In the same way it is true that our understanding of Islam will be transformed, when Sufism is taken into account. These essential, dare I say, eternal truths, are also known in the various Tantric schools of Mahayana Buddhism, including Zen, and in Daoism. Already in my teenage years I was aware of the significance of the mystical experience on the magical path, even if in an overtly romantic and “psychedelicized” way. This might be the reason, why in the beginning I didn’t understand what the point of Chaos Magic (CM) is, with their emphasis on “results” and why LaVeyean Satanism made me only shake my head in disgust or shrug my shoulders in apathy. The “old” systems of Western Magic (the Golden Dawn-style approach developed in the 19th century), then again, seem to loose themselves in table of correspondences and intellectual exercises for climbing up “Jacob’s Ladder” towards abstract conceptions of the Divine. (Though I know an initiate of the G.’.D.’. who is the living proof that these approaches still work and are valid today.) This is why the Chaos approach popularised by Pete Carroll became necessary and why the chaotes developed such a rigorous, “technocratic” approach to magic, where results are of main interest, not mystical mumbo-jumbo and cosmic foo-foo (with which New Age became obsessed in an unhealthy way). Over the years / decades some chaos magicians became drawn towards mystical experiences, despite Carroll’s exclusion of mysticism in the CM Current. This can be explained rather easily from my point of view. It’s because magic and mysticism are connected in profound ways. They are two sides of the same coin. If you exclude one from the other you do so at your own peril. It seems that the accumulation of gnoses, of many altered states of consciousness, leads to a mystical longing in a magician.

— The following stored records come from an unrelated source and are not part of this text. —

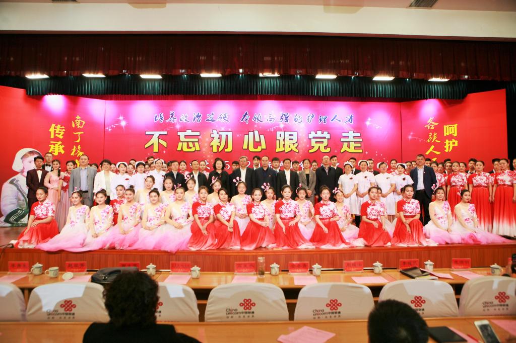 随后,各单位还带来了自编自导自演的节目,为庆祝大会增色,附属肿瘤医院带来的舞蹈《歌唱新时代》、大学生艺术团带来的《舞动青春》、第五附属医院的舞蹈《健康战线联盟》展现了活力四射的护理团队风采,护理学院的学生们表演的《护士礼仪展示》和舞蹈《红梅赞》,表现了新一代的新医护理人的精神风貌,诗朗诵《青春中国》和《中国护士之歌》的合唱,将庆祝大会的气氛逐渐推向高潮。最后,庆祝活动在全体起立共唱《没有共产党就没有新中国》的激昂歌声中落下帷幕。
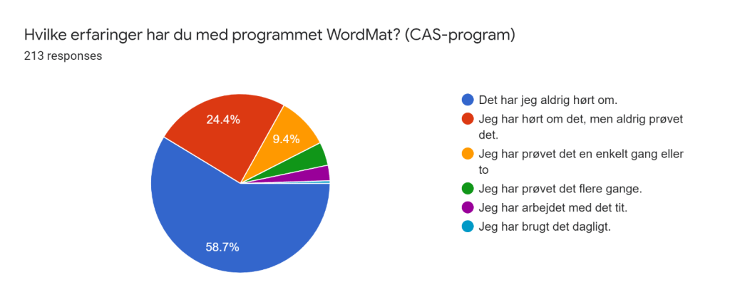 Omkring 7% af eleverne har erfaringer med CAS-programmet WordMat. Det er muligt at eleverne har mødt andre CAS-programmer, da der findes mange programmer tilgængeligt online. Dog angiver kun cirka 30% af eleverne i undersøgelsen, at de har arbejder med andre programmer end de nævnte, og ingen elever nævner en af de andre CAS-programmer. Det betyder, at vi må undervise i brug af CAS-programmer ud fra at eleverne ingen forudsætninger har med sig.
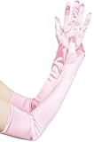 Women Long Smooth Satin Ceremonial Gloves Elegant Party Prom Cosplay Bridal Wedding Dress Fashion Accessories Stage Show (Pink,One Size)
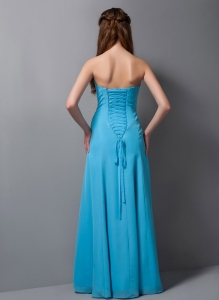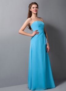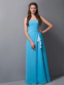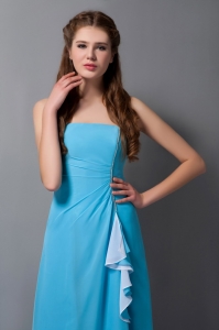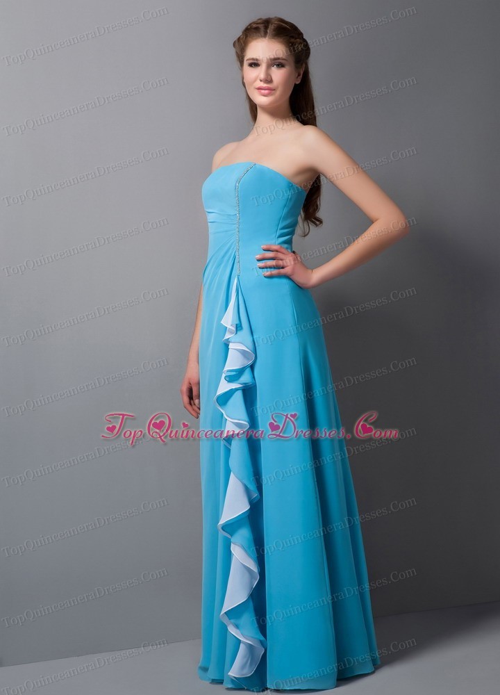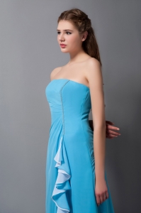 Baby Blue Dama Party Dress Ruffles Column Strapless Chiffon
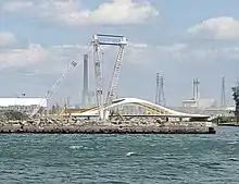 The first of the bridges to be placed, the transit and pedestrian span over the Keating channel
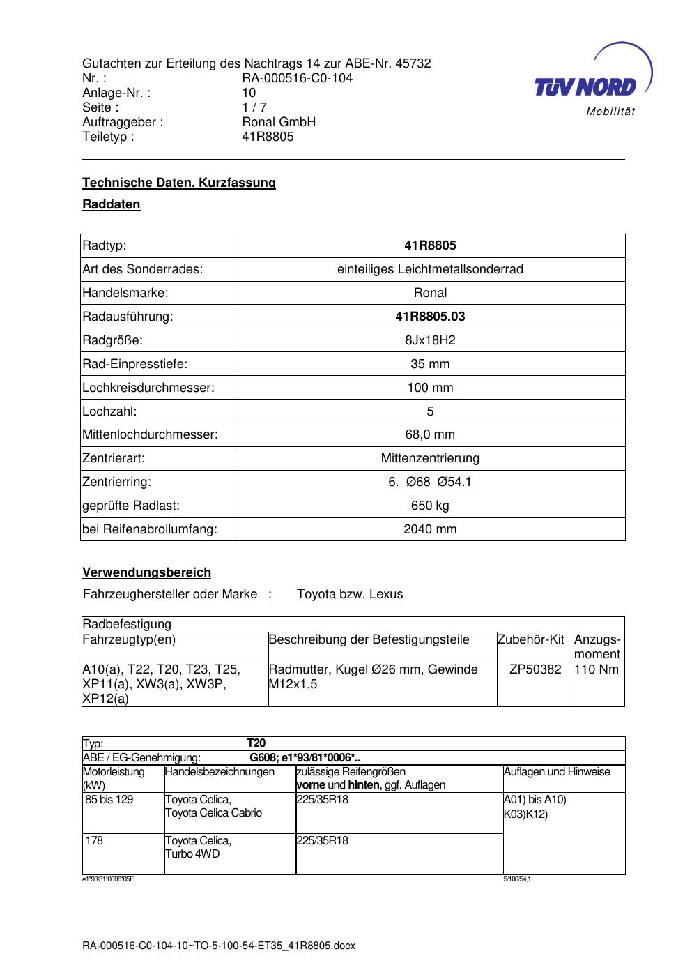 Dieses Gutachten (abe) bezieht sich auf die Alufelge brand-ronal 41R8805 in der Ausführung 8Jx18 ET 0, Mittenloch 0 mm (KBA 45732). Im PDF findest du typischerweise zulässige Reifengrößen, Auflagen/Anbauhinweise und – je nach Dokument – Hinweise zur Eintragung.
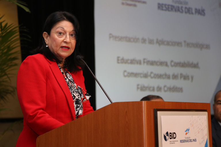 Participación de la presidenta ejecutiva de la Fundación Reservas, Rosa Rita Álvarez, durante su exposición en el evento.
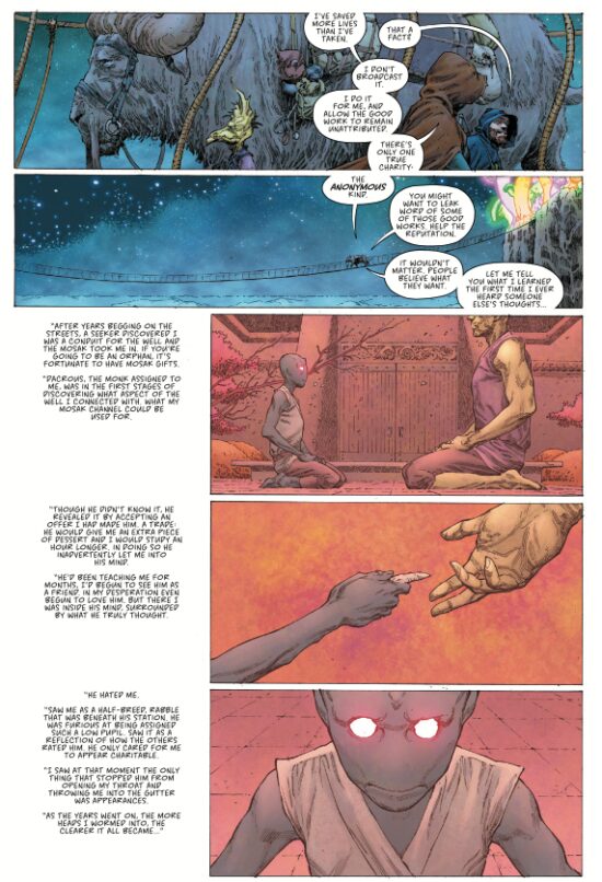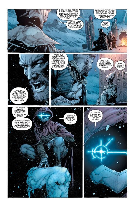 Osidis initially presents as a courageous father who survives against formidable odds, but at the end of the day, he is corruptible. “Family and responsibility and sacrifice” together is a mask to his deep flaws. Osidis presents as almost pious: Mr Opena draws Osidis with hair shorn around the ears, but long on the top and with a full beard: it is not cut through vanity but as an expression of fidelity. Osidis wears his family sigil on his chest, a white dragon, of sorts, on a black background. It has an unhappy history as an emblem of betrayal in the eyes of the remaining Mosak. The stain of his family name never leaves him. As the story progresses, and he engages in betrayal and selfishness, we come to question him in small degrees. Faced with the ability to heal himself from a deadly lung disease, he meets a creature which literally lives in another’s dead and is capable of divining truth from lies. Osidis is faced with a truth: that his motivation in saving the antagonist of the series – the Mud King – is not to save his family, and that he has lied to himself for years.
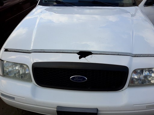 Exterior: Paint is in overall fair condition, with peeling and fading. Normal dents, dings and scratches as consistent with vehicle age, mileage and use. Decal and sticker remants may or may not remain on paint. Rust may or may bot appears on several areas around the vehicle. May or may not have undercarriage rust damage. Other small paint flaking and some surface rust may or may not be present. No other major damage was noticed on walk around. There may or may not be holes from removal of communication antennas and equipment on roof and trunk lid. Hood cracked may or may not close.
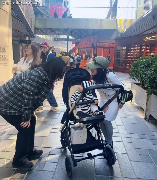 在穿搭上,她看起来非常接地气!格纹外套搭配一条黑色裤子,脚踩黑色运动鞋,和小朋友互动尽显温柔!
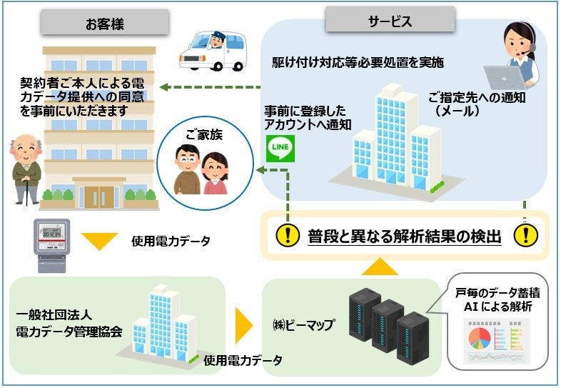2020年6月に電気事業法の法改正により、電気事業者以外の事業者も含め、契約者ご本人の同意を得た個人の電力データの活用が可能となりました。ビーマップは、この法改正に基づき、経済産業大臣によって認定された一般社団法人電力データ管理協会を通じ、契約者ご本人の同意を得た電力データの提供を受けます。本サービスは、電力使用量をデジタルで計測するスマートメーターの電気利用状況を確認することで、相手の様子を見守る新しいサービスです。普段の生活とは異なる電力使用の解析結果を検出することで異常を察知できます。ご家族やご友人など、事前にご登録いただいた方へ通知し、駆け付け対応等必要な処置を行います。スマートメーターが設置された住宅であれば特別な機材の設置や通信環境の整備は一切不要で、機器等によるコストや月額通信費は不要です。
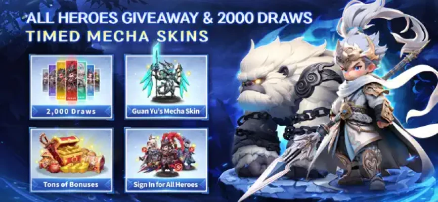 New players are greeted with a wealth of bonuses, including 2,000 draws that guarantee custom S+ heroes. This generous starting package allows you to gather limited weapons, beasts, skins, and gold, setting you up for success right from the beginning!
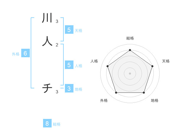 川人 チさんの天格は5画の4点!
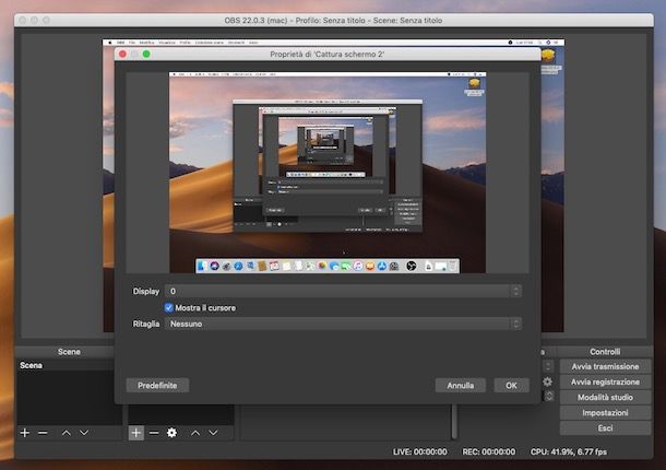 A questo punto, recati nuovamente sulla finestra principale del programma e imposta le fonti da usare per la cattura dei video, facendo clic sul tasto (+) sotto il riquadro Fonti in basso a sinistra, scegliendo la voce Cattura schermo dal menu che compare e premendo sul bottone OK per due volte di seguito. Provvedi poi a spostare e/o ridimensiona il riquadro con il desktop nella finestra di OBS per fare in modo che venga inquadrata la sezione di tuo interesse.

Repeated experience of higher states of consciousness eventually leads to some experience of the core paradox of individual being. The mind starts asking questions like: Why don’t I always feel this ecstatic? Why don’t we just get ecstatic when we finished our day’s work? What is the origin of individual consciousness? Why does the ego keep wittering on in its tedious internal monologues of past-oriented identity, and what can I do about it? How can I get to an unconditioned mind? The occasional extra bit of money, sex, personal power and healing no longer satisfy; everything is muddied by the taste of the ego. Transformation and ecstasy become urgent.” (Dave Lee 2006 [1997]: Chaotopia!, p. 151)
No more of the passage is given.